Wirecard AG who were “missing” €1.9 billion have now filed for insolvency last month, with CEO Markus Braun being arrested on suspicion of inflating the company’s balance sheet and revenues to make it appear stronger and more attractive for investors and customers.  

Europe’s largest fintech, heralded for its innovation, Wirecard was undoubtably a leader in the industry. Crediting its superior services and technology for its ever-growing share price, reaching a market valuation of €24.6 billion in September 2018.

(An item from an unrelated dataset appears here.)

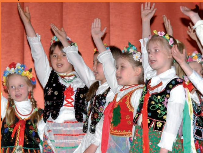
Zespół „Przedszkolaki Krakowiaki” z przedszkola w Krynicy-Zdroju.

However, not everyone was sold on Wirecards rapid and increasing success.  Short-sellers were adamant and vocal about their doubts on the data that backed this success story and seeing irregularities with their overseas offices and third parties.  Though  in January 2019, when the  Financial Times published information given to them by a Wirecard whistle blower who claimed an internal investigation had been covered up, the German regulator BaFin did nothing to investigate the accusation, and instead, went after the journalists.  BaFin investigated the FT over an allegation of market manipulation and went on to enforce a two-month ban on short-selling, citing Wirecard’s “importance for the economy

The FT continued to investigate and report suspicious activity and so with pressure from investors Wirecard appointed KMPG to carry out an Audit. When the results were finally due to be released in June 2020, rather than present the report, Wirecard announced that the 1.9 billion Euros were missing, and had probably never existed.